While one could compute this observed test statistic by “hand”, the focus here is on the set-up of the problem and in understanding which formula for the test statistic applies. We can use the `t_test`

function on the differences to perform this analysis for us.

```
t_test_results <- zinc_diff %>%
t_test(
formula = pair_diff ~ NULL,
alternative = "less",
mu = 0
)
t_test_results
```

```
# A tibble: 1 x 6
statistic t_df p_value alternative lower_ci upper_ci
<dbl> <dbl> <dbl> <chr> <dbl> <dbl>
1 -4.86381 9 0.000445558 less -Inf -0.0500982
```

We see here that the \(t_{obs}\) value is -4.864.

#### Compute \(p\)-value

The \(p\)-value—the probability of observing a \(t_{obs}\) value of -4.864 or less in our null distribution of a \(t\) with 9 degrees of freedom—is 0. This can also be calculated in R directly:

`[1] 0.000446`

#### State conclusion

We, therefore, have sufficient evidence to reject the null hypothesis. Our initial guess that our observed sample mean difference was not statistically less than the hypothesized mean of 0 has been invalidated here. Based on this sample, we have evidence that the mean concentration in the bottom water is greater than that of the surface water at different paired locations.

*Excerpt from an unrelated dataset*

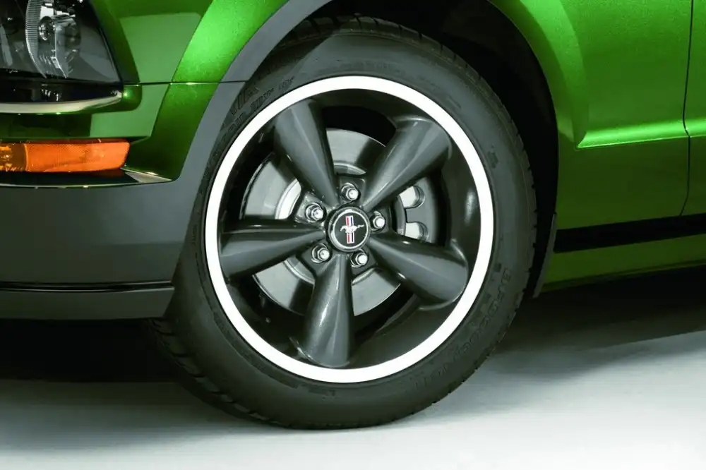 Внешне Bullitt привлекает внимание 18-дюймовыми колесами темно-серого цвета, стилизованными под те, что стояли на Mustang GT390. Они обуты в резину BF Goodrich g-Force T/A KDWS размерностью 235/50, которая используется компанией Ford в гоночных соревнованиях на кубок Миллера на трассе Miller Motorsports Park. Салон щедро одарен алюминиевыми вставками на приборной панели, которые до этого не использовались компанией ни в одной модификации Mustang. Также легкий металл присутствует в отделке дверных панелей и из него же сделан «набалдашник» КПП. Кресла, изготовленные, кстати, из соевого сырья, и трехспицевое рулевое колесо повторяют кресла и руль Shelby GT500.

### B.6.5 Comparing results

Observing the bootstrap distribution and the null distribution that were created, it makes quite a bit of sense that the results are so similar for traditional and non-traditional methods in terms of the \(p\)-value and the confidence interval since these distributions look very similar to normal distributions. The conditions were not met since the number of pairs was small, but the sample data was not highly skewed. Using any of the methods whether they are traditional (formula-based) or non-traditional (computational-based) lead to similar results here.